2024-07-02 | Manuel Faysse*, 1, 3 Hugues Sibille*, 1, 4 Tony Wu*, 1 Bilel Omrani1 Gautier Viaud1 Céline Hudelot3 Pierre Colombo2, 3
The paper introduces ColPali, a novel retrieval model that leverages Vision Language Models (VLMs) to efficiently index and retrieve visually rich documents. The authors address the limitations of current document retrieval systems, which struggle to utilize visual cues effectively, leading to suboptimal performance in practical applications such as Retrieval Augmented Generation (RAG). To benchmark these systems, they create the Visual Document Retrieval Benchmark (ViDoRe), which includes various page-level tasks across multiple domains, languages, and settings.
ColPali is designed to produce high-quality contextualized embeddings from document page images, combining the strengths of VLMs and late interaction mechanisms. This approach significantly outperforms existing document retrieval pipelines in terms of performance, speed, and end-to-end trainability. The authors release all project artifacts, including the benchmark and models, to encourage further research and development in document retrieval. The paper also discusses the design and evaluation of ViDoRe, the challenges faced by current systems, and the contributions of ColPali in addressing these issues.The paper introduces ColPali, a novel retrieval model that leverages Vision Language Models (VLMs) to efficiently index and retrieve visually rich documents. The authors address the limitations of current document retrieval systems, which struggle to utilize visual cues effectively, leading to suboptimal performance in practical applications such as Retrieval Augmented Generation (RAG). To benchmark these systems, they create the Visual Document Retrieval Benchmark (ViDoRe), which includes various page-level tasks across multiple domains, languages, and settings.

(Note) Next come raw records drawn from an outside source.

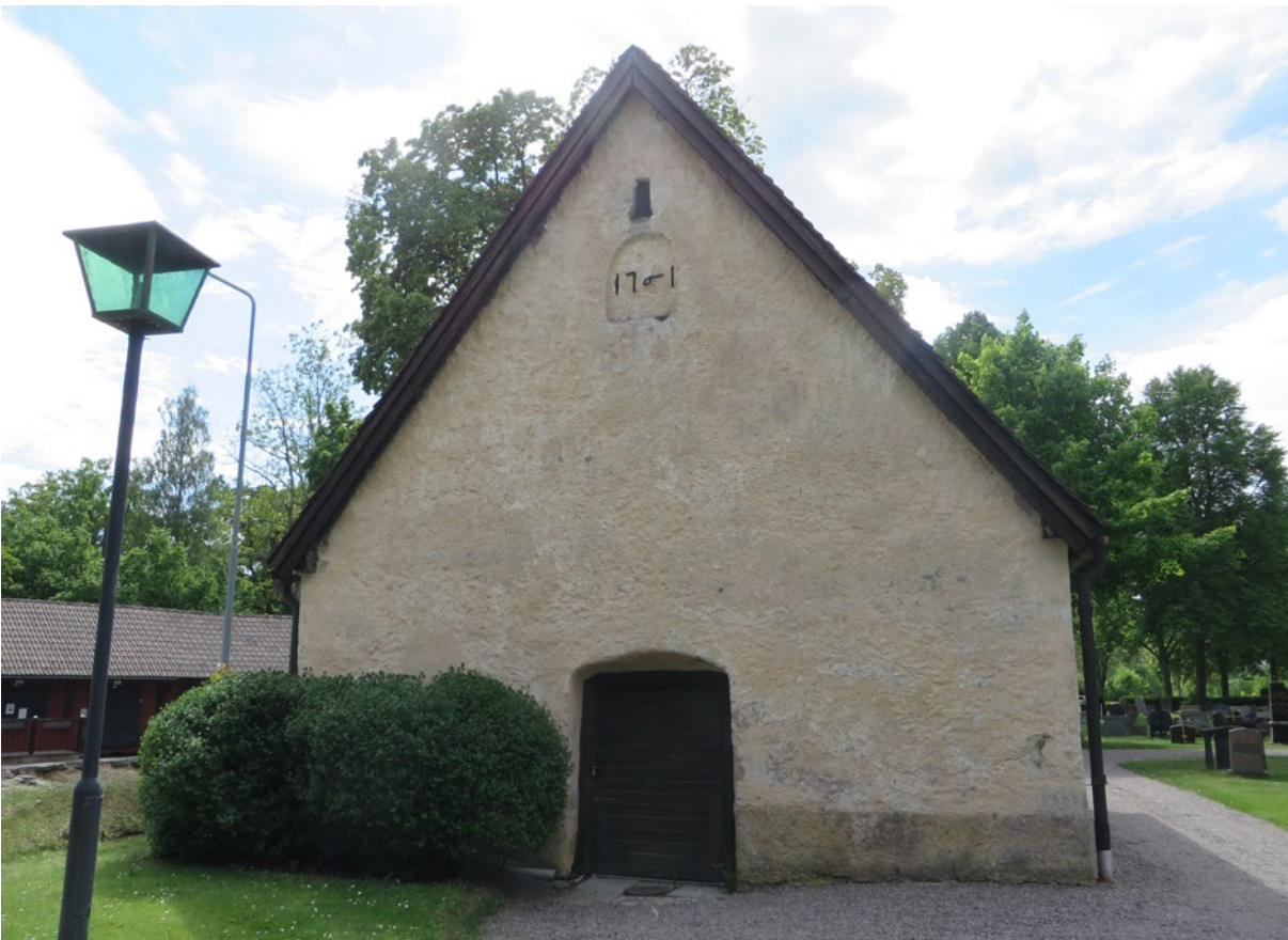
Bårhusets östra fasad före åtgärd.
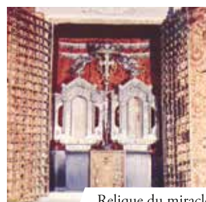
Relique du miracle
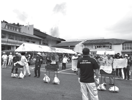
平成30年9月防災訓練
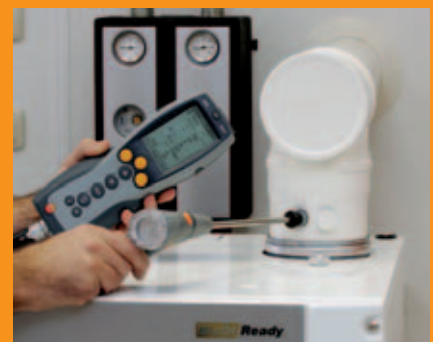
Verkleidung montieren und Verbrennungswerte kontrollieren
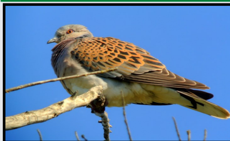
Tourterelle des bois-JP Lang

Pensez à vous équiper de chaussures de marche adaptées aux chemins boueux... Prévoyez également une tenue de pluie ou une tenue adaptée aux conditions météorologiques du jour.
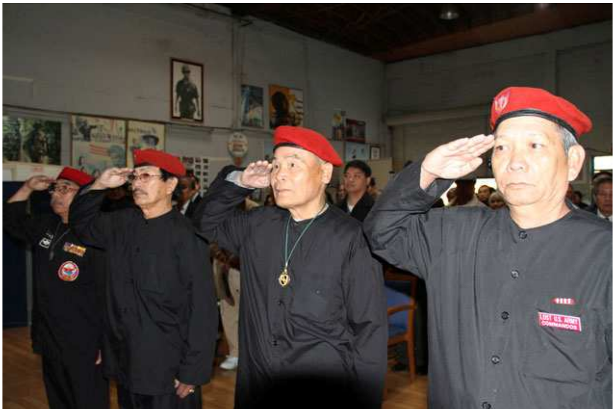
Ngũ thức chào cờ Mỹ Việt và phút mặc niệm
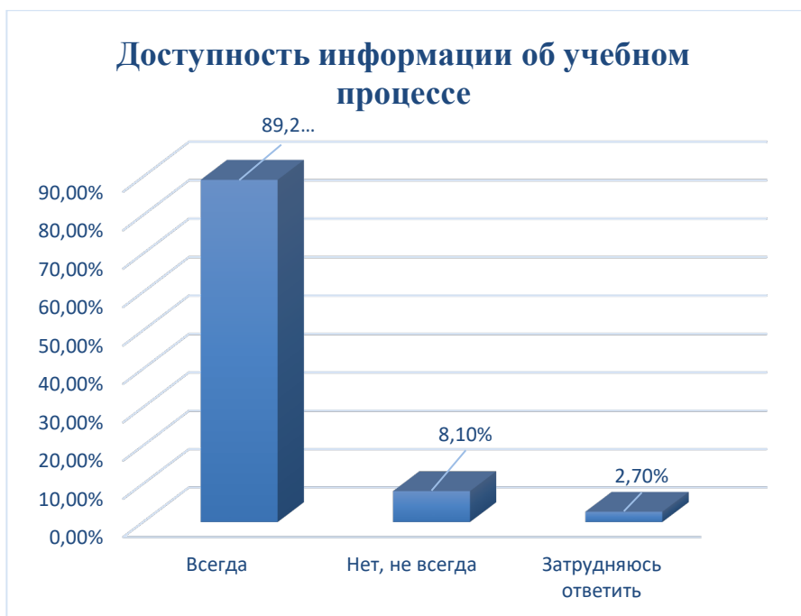
Рисунок 10. Ответ на вопрос: «Всегда ли доступна вам вся необходимая информация, касающаяся учебного процесса?»

На вопрос 14: «Всегда ли доступна вам вся необходимая информация, касающаяся учебного процесса?» 89,2% опрошенных ответили – «всегда», 8,1% опрошенных ответили – «не всегда», 2,7% опрошенных ответили – «затрудняюсь ответить» (рисунок 10).
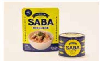
オリジナルさば缶deご飯焼きさばご飯の素 194円
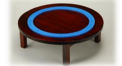
「ちゃぶ台」の上で遊べるサイズで設計されたレール

日本でこれまでに発売された商品の種類： 累計1,962種類 ※2023年12月現在
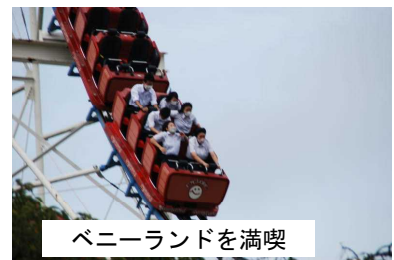
ベニーランドを満喫

ColPali is designed to produce high-quality contextualized embeddings from document page images, combining the strengths of VLMs and late interaction mechanisms. This approach significantly outperforms existing document retrieval pipelines in terms of performance, speed, and end-to-end trainability. The authors release all project artifacts, including the benchmark and models, to encourage further research and development in document retrieval. The paper also discusses the design and evaluation of ViDoRe, the challenges faced by current systems, and the contributions of ColPali in addressing these issues.